Mrs. Clinton’s private e-mail server was another error, as was her support for the appeasement of Iran. Her attempt at a Russian reset was an error, as was her failure to stick with the struggle in Libya after she obtained the no-fly zone and toppled the Libyan dictator, Muammar Gadhafi (also an error was her laughing boast “We came, we saw, he died”). She erred in abandoning her support for the war in Iraq after voting to send our GIs into battle. She erred in positioning herself between Israel and her adversaries.

One could go on and on about these details. But Mrs. Clinton’s biggest, and least remarked-upon, error was abandoning her seat in the United States Senate to serve as state secretary to the man who defeated her first attempt on the presidency. What in the world was she thinking? It’s not just that one would have to go back to Martin Van Buren to discover a state secretary who made it to the White House. (The others were Thos. Jefferson, Jas. Madison, Jas. Monroe, John Quincy Adams, and Jas. Buchanan.) And it’s more substantive than that.

Had Mrs. Clinton foresworn ambition and lurked in the Senate, she could have become within the Democratic Party the leader of the loyal opposition to its left wing, led by, in Mr. Obama, the president she tried so hard to defeat in the primaries. She could have had any committee assignment she wanted, and, by dint of her enormous abilities, could have emerged as a titanic figure in the world’s greatest deliberative body. She could have led the effort against a retreat in Iraq, and against the reduction in our military outlays.

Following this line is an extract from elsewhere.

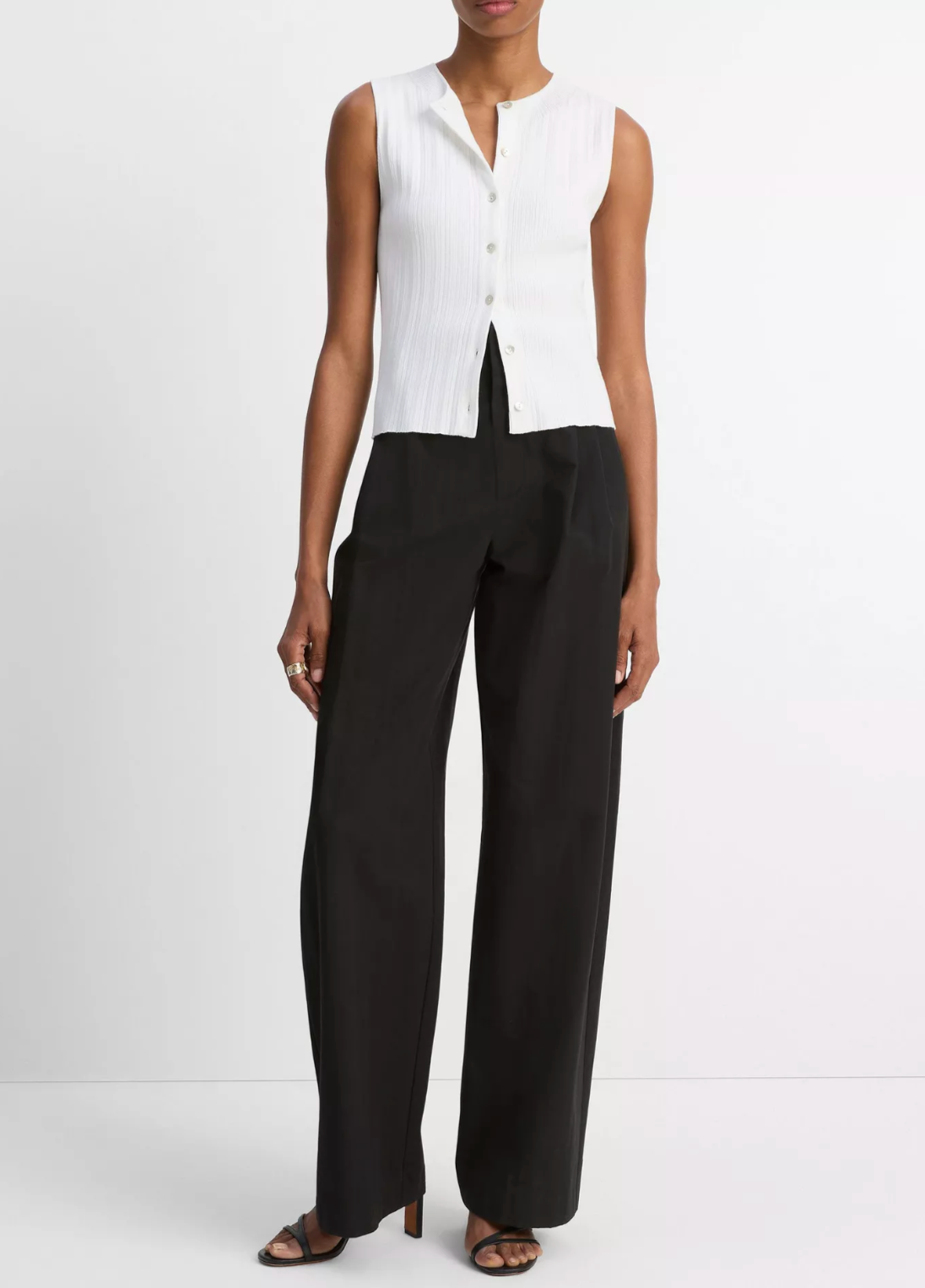 • This button-front shell is knit from a stretchy Italian blend of cotton and nylon that's light, soft and breathable

Had she stayed in the Senate, Mrs. Clinton could have served as a reasonable voice against the hard-left’s superstar, Senator Warren. She could have involved herself in the oversight of the Federal Reserve. She could have sought to lead the effort that Senator Schumer failed to lead against the appeasement of the Iranian ayatollahs. She could have fought day and night for the kind of approach to immigration she spoke up timidly for during her years at State and after.

Is all that day dreaming? The Washington Post’s greatest sage, J. Russell Wiggins (now, sadly, gone), rarely lost a chance to remind his friends that history does not disclose her alternatives. And we have often said that we’re not haters of the Clintons, neither Hillary nor her husband. All the more reason to reflect on this mother of all errors. Mrs. Clinton went to work for, in President Obama, a man with whom, she spent 2008 telling us, she doesn’t agree. Then she was bound in the shallows and now the miseries and her graceful l’envoi to what might have been.